- WHAT YOU NEED TO DO: Begin at the line that contains "The unidentified student" and reproduce it along with every line after it to the end of the listing; skip any pictures.

(INFORMATION PROVIDED)

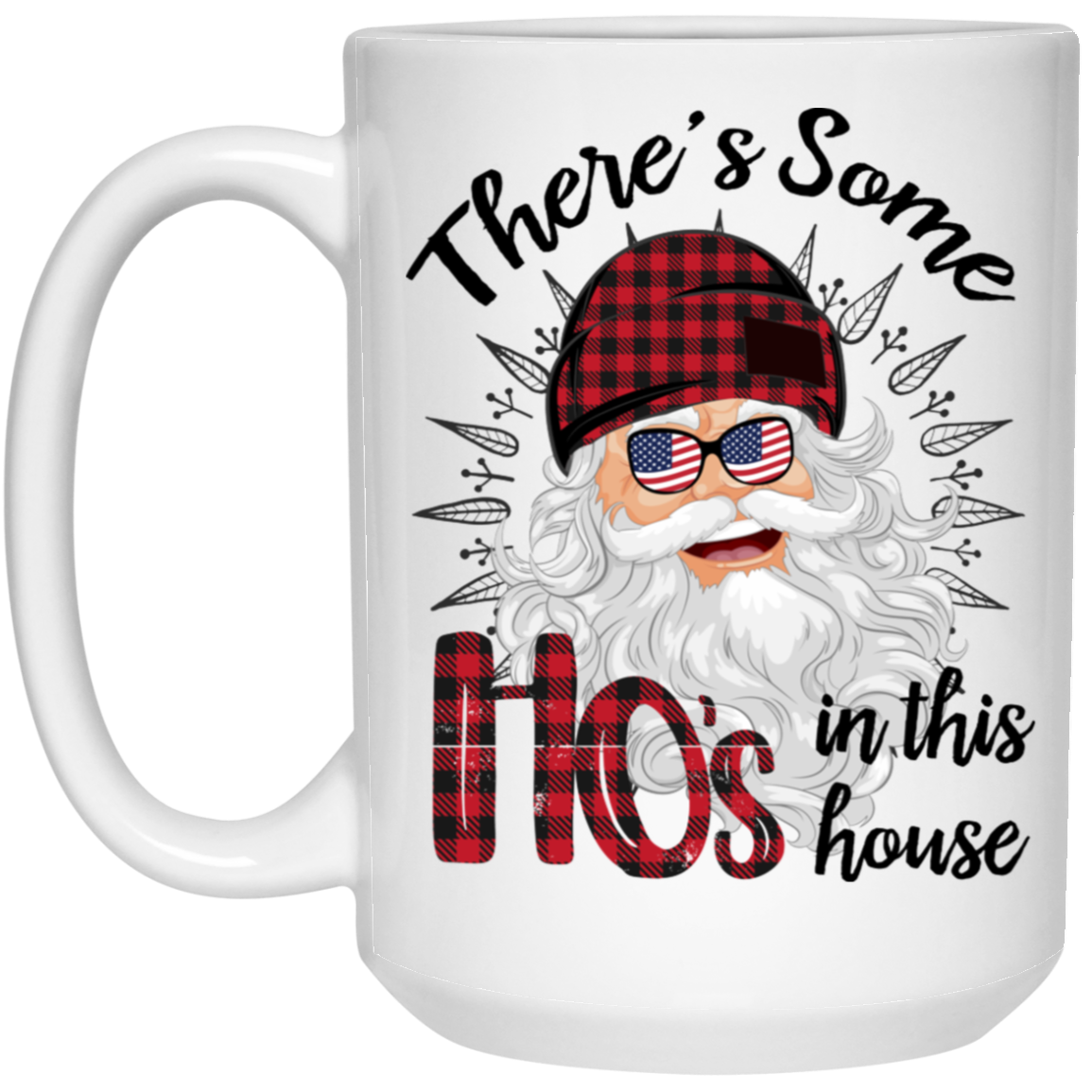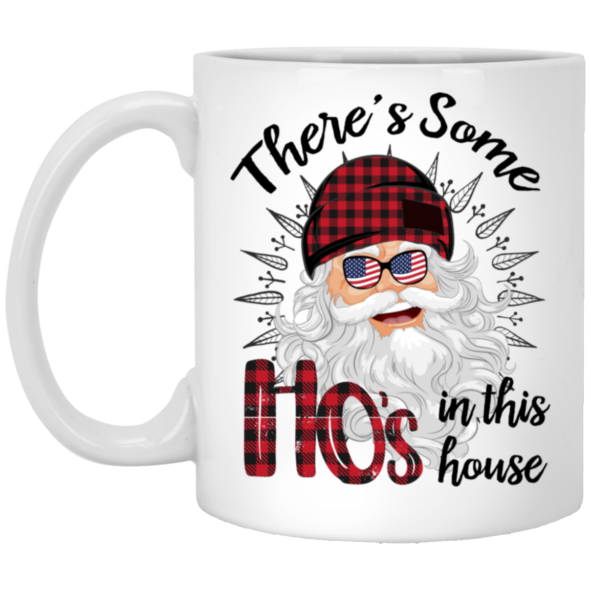 There's Some Ho's In This House, Cool Santa, Red Plaid Hat, Merry Christmas, Trendy Christmas White Mug
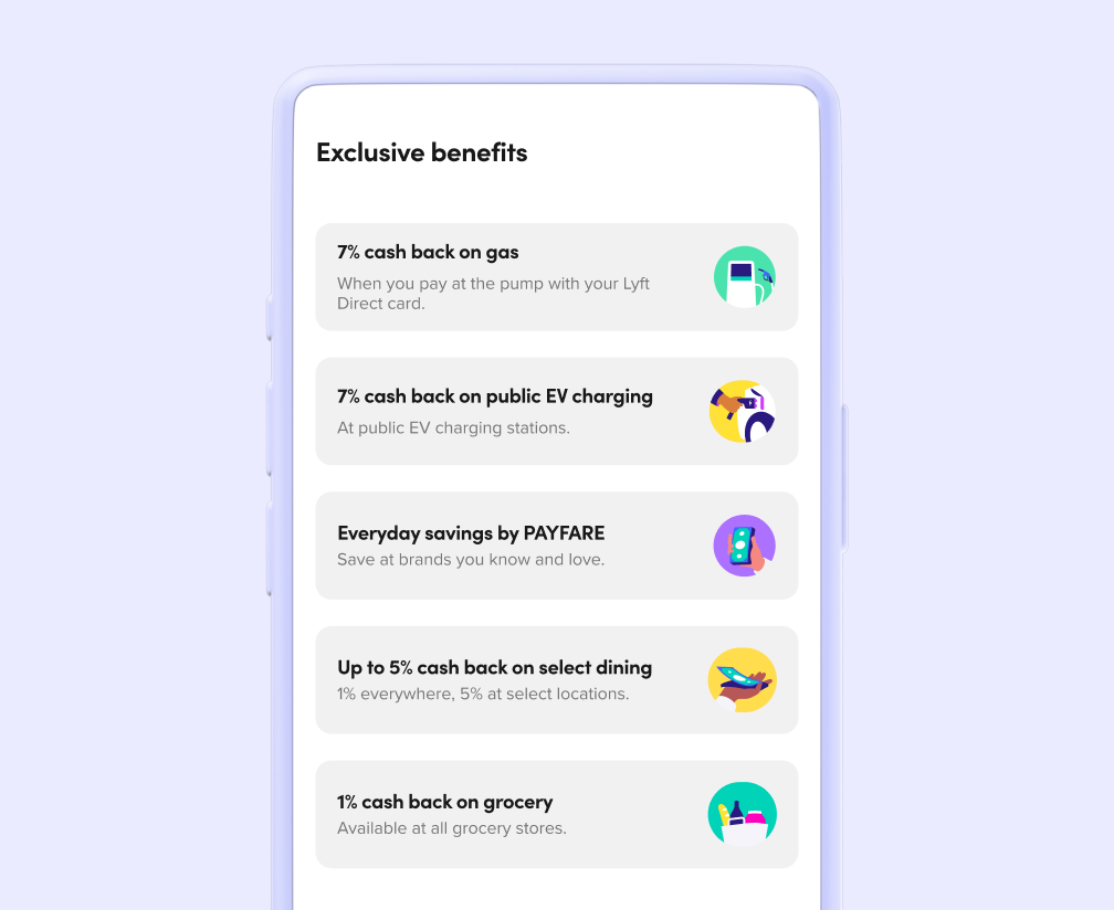 Gas, grocery, restaurant and public EV charging merchant classification is subject to Mastercard rules. For cash back on gas, only payments made at the pump are eligible as payment inside the gas station is not generally eligible for cash back. Cashback rewards are earned for select purchases using your Lyft Direct business debit card and become available for redemption as those purchases settle. You will become ineligible for select cash back rewards if you have not received a Lyft payout into your Lyft Direct business account in the previous 90 days. Payments via third-party apps are not eligible for cash back. Use your Lyft Direct business debit card to pay. Reward categories and amounts subject to change without notice.
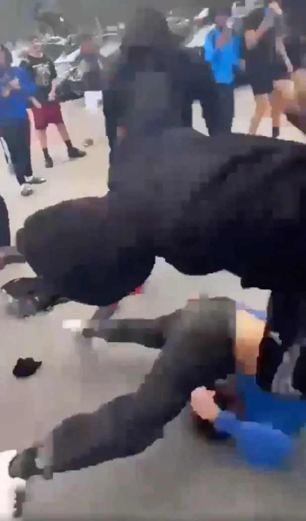 The unidentified student was pummeled by at least a half dozen teen thugs before he was picked up and hurled onto the pavement head first near the Parkland, Florida campus — leaving him sprawled out motionless on the ground, video footage posted by TMZ on Wednesday shows.
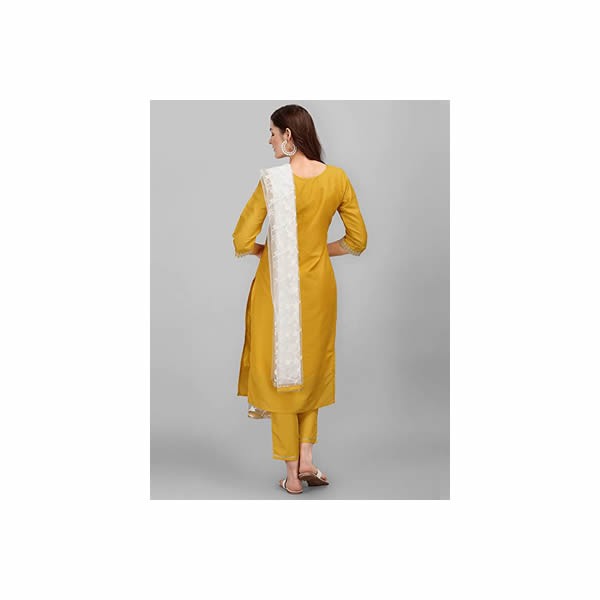 Silk Blend Kurta Pant and Net Embroidery Dupatta Set for Women 0
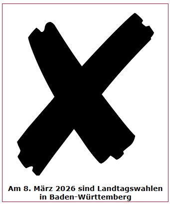 Am 8. März 2026 sind Landtagswahlen in Baden-Württemberg ![]() Die amtliche Wahlbenachrichtung solltet ihr bald in eurem Briefkasten finden. Mit dieser Benachrichtung könnt ihr auch die Briefwahlunterlagen beantragen. Link zum Wahlscheinantrag WÄHLEN GEHEN - MITBESTIMMEN! |

(End INFORMATION PROVIDED)

- PROBLEM SOLUTION:
 The unidentified student was pummeled by at least a half dozen teen thugs before he was picked up and hurled onto the pavement head first near the Parkland, Florida campus — leaving him sprawled out motionless on the ground, video footage posted by TMZ on Wednesday shows.
 Silk Blend Kurta Pant and Net Embroidery Dupatta Set for Women 0
 Am 8. März 2026 sind Landtagswahlen in Baden-Württemberg ![]() Die amtliche Wahlbenachrichtung solltet ihr bald in eurem Briefkasten finden. Mit dieser Benachrichtung könnt ihr auch die Briefwahlunterlagen beantragen. Link zum Wahlscheinantrag WÄHLEN GEHEN - MITBESTIMMEN! |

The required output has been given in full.